[Taxacom] Data quality in aggregated datasets

Lee Belbin leebelbin at gmail.com
Tue Apr 23 22:28:43 CDT 2013


Like Rich occasionally, I can't refrain from commenting.

Bob's paper on the audit of Australian millipedes highlights the range of
data issues that arise with human observations and where there are multiple
sources of the 'same' data. Errors in data are a community responsibility.
The following are a few observations from the perspective of someone who
has contributed to the development of the Atlas of Living Australia (ALA: A
'super-aggregator' :).

1. We are all 'aggregators' of one form or another. Bob is an Australian
millipede aggregator, as are museums and herbaria. This highlights the
complexity of the 'data error' issue. In the case of the ALA, the steps a
record may follow may be collector -> domain aggregator -> museum
(aggregator) -> museum aggregator (e.g., OZCAM) - > ALA (aggregator) ->
GBIF (super-aggregator!) -> anyone. This is only one of many possible
pathways, each being subject to potential translation or interpretation
issues.

2. 'Data quality' is seen by the ALA and other 'super-aggregators' as a
high priority issue. I do however recommend that 'fitness for use' is a
more appropriate term in many circumstances. For example, a locational
inaccuracy of 20km on a record will not invalidate its use with regional or
continental scale studies. 'Data error' may depend on context.

3. We are all limited in what resources are available to address data
issues.
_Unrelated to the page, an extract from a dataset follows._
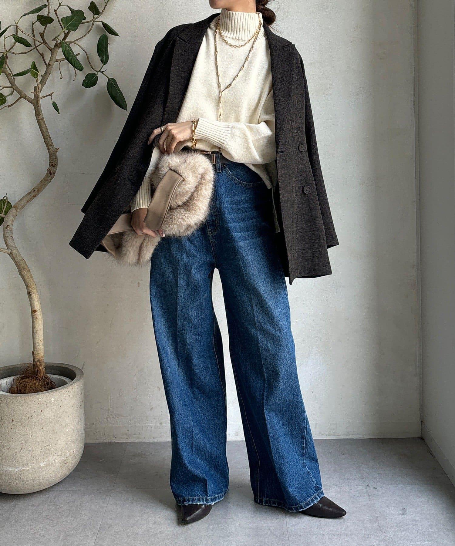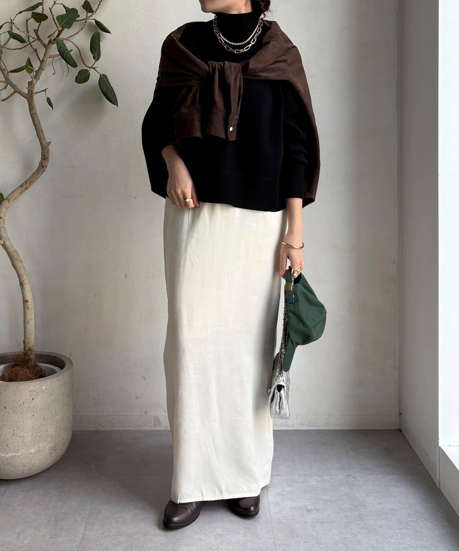 經過計算的長度和開衩位置使其看起來非常均衡,同時給人一種輕鬆的感覺。

This appears to be increasingly true of museums and herbaria.
'Manual checking' as Bob has done is time consuming yet necessary for a
range of issues where automated checking cannot be guaranteed to find
and/or correct issues. To be efficient, the ALA does have an extensive
suite of 'automated' checks (see
https://docs.google.com/spreadsheet/ccc?key=0AjNtzhUIIHeNdHJOYk1SYWE4dU1BMWZmb2hiTjlYQlE#gid=0).
As Bob has pointed out however, they don't always work. Such checks and
corrections are however a cost-effective and necessary step. We need to
continue to build a more robust 'rule set'. Bob's paper will help with this
and all other contributions would be appreciated.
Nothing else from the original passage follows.